WORK WITH US
Manicurist Can Pursue HWE Claim After Manager Directed Him To Continue With Pedicure Despite Customer’s Sexual Propositions
Vincent Fried worked as a manicurist at a salon in the Wynn Hotel (Wynn) in Las Vegas, Nevada from April 2005 to July 2017.
Fried alleged that he complained to management that female manicurists received more appointments than males. In March 2017, Fried threw a pencil at a computer out of frustration with the disparity. His manager disciplined him and commented that he might want to pursue other work. Specifically, she mentioned that Fried was working in a “female job-related environment.” Another coworker told him that if he wanted more clients, he should wear a wig to look like a woman.
In June 2017, Fried was assigned to provide a pedicure to a male customer. The customer asked Fried to give him a massage in his hotel room and said he had massage oil. When Fried responded they do not do that kind of service, the customer made an explicit sexual proposition. Fried immediately reported the conduct to the same manager. Although Fried reported he no longer felt comfortable interacting with the customer, the manager directed him to finish the pedicure and “get it over with.” In total, the customer made five or six inappropriate sexual references to Fried during the pedicure. Fried attempted to speak with the manager about the incident on two occasions afterward, but she told him she would talk to him “when she got a chance.” Fried never reported the incident to Human Resources.
A week later, Fried was in the salon’s breakroom. A female coworker told Fried he should not be upset about the interaction and should take it as a compliment. Another female coworker allegedly said that Fried wanted to engage in sexual activity because he kept mentioning it.

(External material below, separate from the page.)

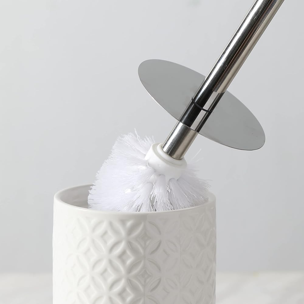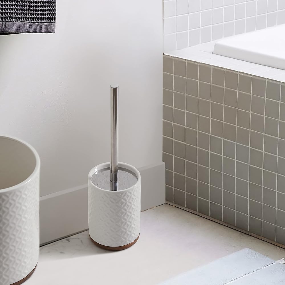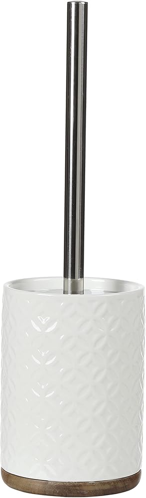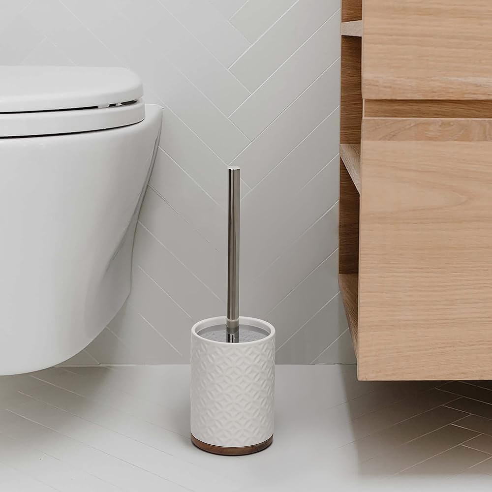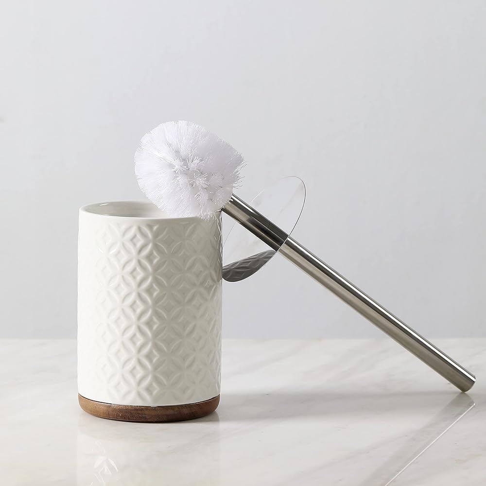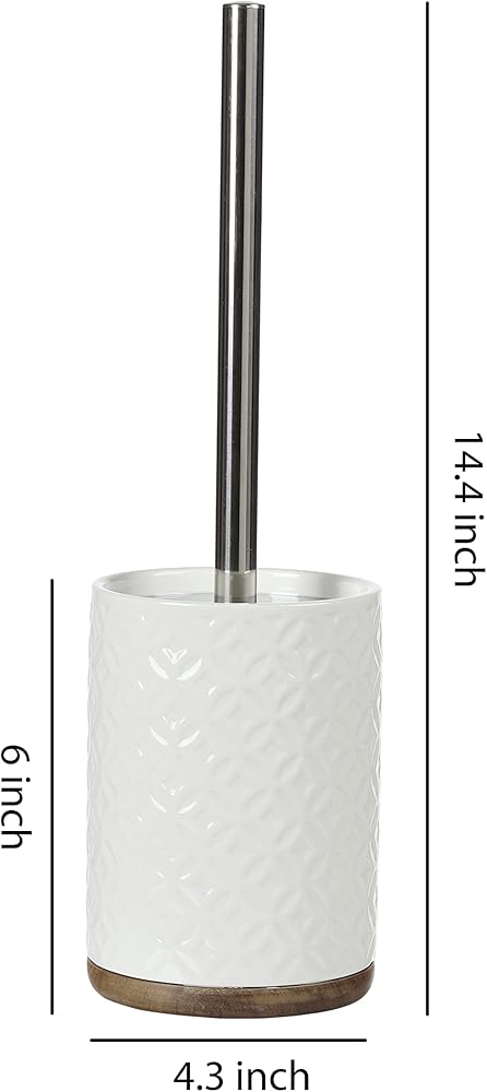 • 【Fashionable Storage】Toiler brush and holder set offers discreet storage to keep your floor dry and clean. Featured glossy finish with white embossed patterned body and wooden base makes it a luxurious and classic home décor. Rounded finish offers a smooth and delightful view to the eyes.

Fried then brought suit against Wynn for sex discrimination, retaliation, and hostile work environment (HWE) in violation of Title VII of the Civil Rights Act of 1964. The district court granted Wynn’s motion for summary judgment. Fried appealed.
In this portion of the appeal, the Ninth Circuit considered Fried’s HWE claim. Title VII prohibits sex discrimination, including sexual harassment, in employment. To establish a case for HWE under Title VII, an employee must show: (1) he was subjected to verbal or physical conduct of a sexual nature; (2) the conduct was unwelcome; and (3) the conduct was sufficiently severe or pervasive to alter the conditions of employment and create an abusive work environment. To determine whether an environment is sufficiently hostile or abusive, a court must consider all of the circumstances including the frequency of the conduct; its severity; whether it is physically threatening or humiliating or a mere offensive utterance; and whether it unreasonably interferes with an employee’s work performance.

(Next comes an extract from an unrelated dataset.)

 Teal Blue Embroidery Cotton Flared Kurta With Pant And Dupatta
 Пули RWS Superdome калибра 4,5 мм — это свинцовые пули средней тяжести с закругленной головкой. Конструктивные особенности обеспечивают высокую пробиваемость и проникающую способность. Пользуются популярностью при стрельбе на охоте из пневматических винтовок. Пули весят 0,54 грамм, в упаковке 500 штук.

Fried argued that four incidents created an HWE: (1) the manager’s suggestion he seeks employment in a field that is not female-related; (2) his coworker’s suggestion that he should wear a wig; (3) his manager’s response to his report that a customer had sexually propositioned him; and (4) his coworker’s remark that he should take the customer’s proposition as a compliment and that Fried actually wanted to engage in the sexual activity.

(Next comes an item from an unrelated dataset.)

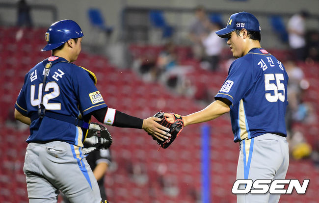 경기 종료 후 NC 김태군과 김진성이 승리의 기쁨을 나누고 있다./sunday@osen.co.kr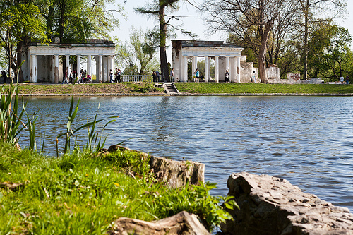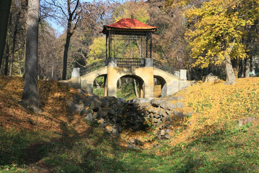 англійському пейзажному стилі і для його розпланування характерні криволінійне трасування доріг та алей і відсутність строгих осьових перспектив. Нинішні прямолінійні дороги й алеї прокладено в 2-й половині XIX- у XX ст. До найвизначніших гідрологічних об'єктів парку належать ставки - Холодний, Лазневий і Дзеркальний - та водоспад "Черепаха". Найвизначніші серед уцілілих архітектурних споруд - колонада "Відлуння", павільйон "Ротонда", арковий і китайський мости, "Руїни", фортеця "Варна", а також малі архітектурні форми - Колона смутку, джерело "Лев".Павільйон "Відлуння", або "Амфітеатр' прилягає зі сходу до Великої поляни. Мурована стіна, що в плані утворює півколо діаметром 32 м, доповнена колонадою іонічного ордера. Ця галерея фіксується по краях прямокутними в плані приміщеннями, причілкові стіни яких декоровані фронтонними портиками. Назва павільйону пов'язана з його унікальними акустичними особливостями. Потинькована й побілена, споруда сприймається світлим силуетом на тлі темних деревних крон і є композиційним акцентом Великої поляни.Павільйон "Ротонда" розміщений у східній частині парку недалеко від головного входу. Являє собою окремо розташовану монументальну екседру, призначену для встановлення скульптури: спершу -бюста імператриці Катерини II роботи скульптора Ф. Шубіна, згодом - скульптурного зображення князя Г. Потьомкіна. Екседру у фасадній площині перетинає масивний архітрав, підтримуваний чотирма колонами коринфського ордера. Внутрішню поверхню конхи екседри розбито на кесони.Арковий міст (однопрогоновий, мурований) у південній частині парку зв'язує берег водойми з півостровом. Його довжина -21м, ширина -2 м. Розташований з урахуванням найсприятливіших точок візуального сприйняття краєвиду.Китайський міст розташований з південного боку Великої поляни в місці перепаду рівнів каскадуставків у головній балці. Являє собою трипрогонову муровану конструкцію з альтанкою над середньою частиною, яка є майданчиком для огляду перспективи вздовж каскаду ставків.Незважаючи на перебудови та втрати, білоцерківський парк "Олександрія" - один з найкращих і найдавніших ландшафтних парків України, побудованих у стилі класицизму.

On appeal, the court determined that comments the manager and coworker made about the “female related job environment” and the wig was not sufficiently severe or pervasive to support an HWE. The court noted that because these comments occurred on only three occasions, the comments would need to be proportionately more severe to make up for their relative infrequency. The court concluded that even viewed cumulatively, this type of infrequently joking or teasing was part of the ordinary tribulations of the workplace.
However, the court concluded the manager’s response to the customer’s unwelcome sexual advances could independently create an HWE. The court reasoned that it is well established that an employer can create an HWE by failing to take immediate and corrective action in response to sexual harassment or racial discrimination that the employer knew or should have known about. Here, the manager not only failed to take immediate corrective action, but she also directed Fried to return to the customer and complete the service. The manager’s direction not only discounted and condoned the customer’s sexual harassment but also conveyed that Fried was expected to tolerate it as part of his job.
In addition, the court concluded that the coworkers’ comments on the customer’s sexual proposition could also be severe or pervasive enough to support Fried’s claim. The court noted that a reasonable jury could find these comments created an HWE because the cumulative effect of the coworkers’ and manager’s conduct must be considered.
For these reasons, the court concluded that a reasonable factfinder could decide that Wynn created an HWE at the salon. Thus, the Ninth Circuit reversed the district court’s decision and remanded the case for further proceedings.
Fried v. Wynn Las Vegas, LLC, 2021 WL 5366989 (9th Cir. Nov. 18, 2021) unpublished.
This case shows how a manager’s conduct sets the tone in a workplace. The law has long held that customers can create an HWE for employees and that employers have a duty to protect their employees from harassing customers. Yet, the manager’s failure to take the manicurist’s complaints seriously, and her direction that the manicurist endures the customer’s harassment, wrongly communicated to the staff that harassment was part of the job. Supervisors and managers must be trained to take complaints of harassment seriously and to address them promptly.